A Connecticut high school student was arrested by the Fairfield Police Department and faces multiple charges after he reportedly made a racist post on social media targeting a 16-year-old Black classmate.
Jamar Medor, a 16-year-old student at Fairfield Warde High School, didn’t learn that he’s been the target of a racist post shared to Snapchat until a classmate brought it to his attention.
The image was taken from behind Medor, who was sitting in his homeroom class on May 7. A red circle was been drawn around him and there are two captions on the photo.
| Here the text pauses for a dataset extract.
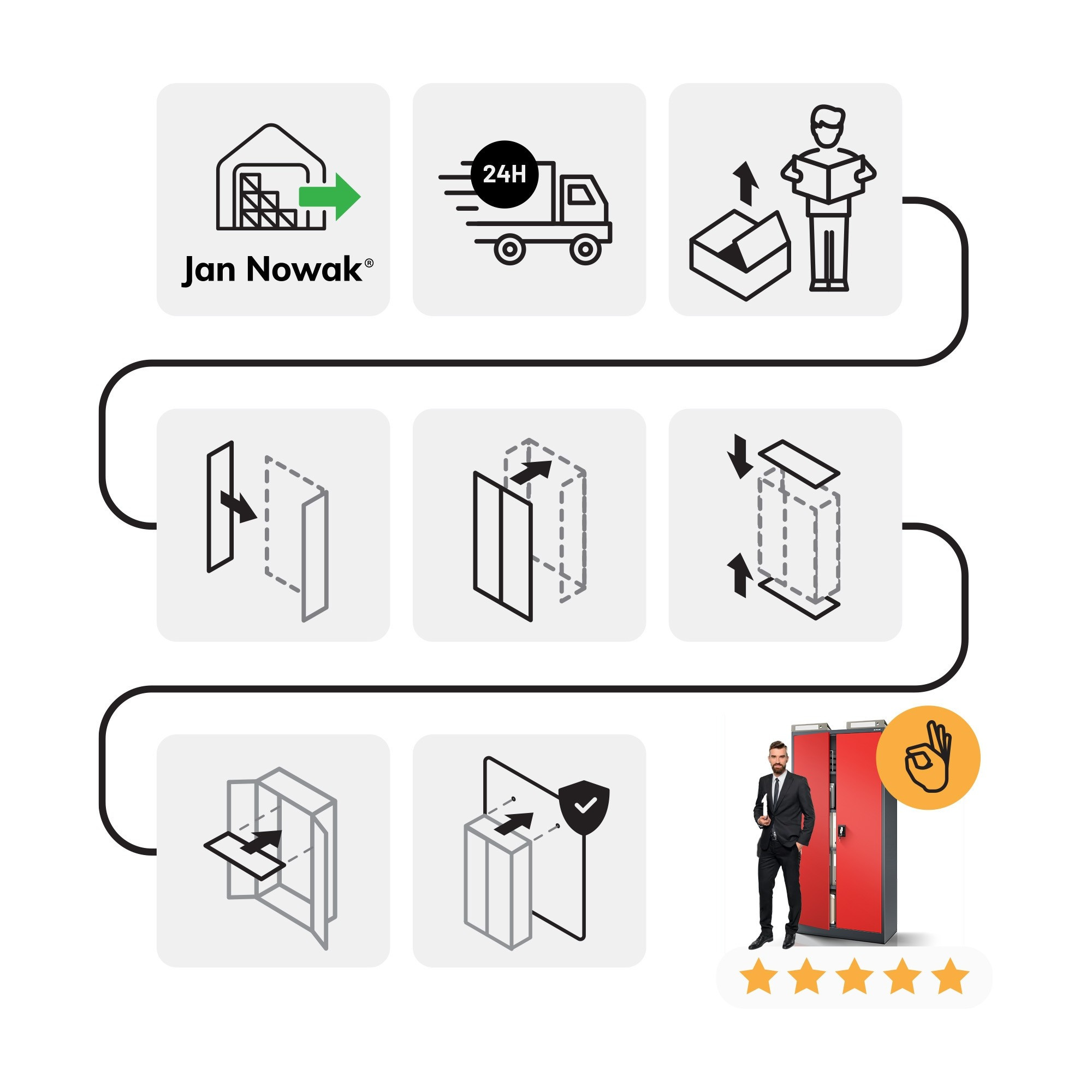 Skříň JAN je dodávána v demontovaném stavu, ale její montáž je jednoduchá a intuitivní. Součástí balení je podrobný návod, který vás krok za krokem provede celým procesem. Během krátké doby budete mít skříň připravenou k použití.

The first questions, “Why is there a n-gger in my homeroom?” The second caption says, “Why is he not in chains?”
In a statement, Fairfield Warde Principal Paul Cavanna said “discrimination in any form is not tolerated.”
“We strongly believe that racism has no place here or anywhere in our society,” he wrote. “We are working to support those who have been affected by this reprehensible act.”
After the post was reported to Cavanna, Medor was called to his office. There the teen called his mother, Judith Medor.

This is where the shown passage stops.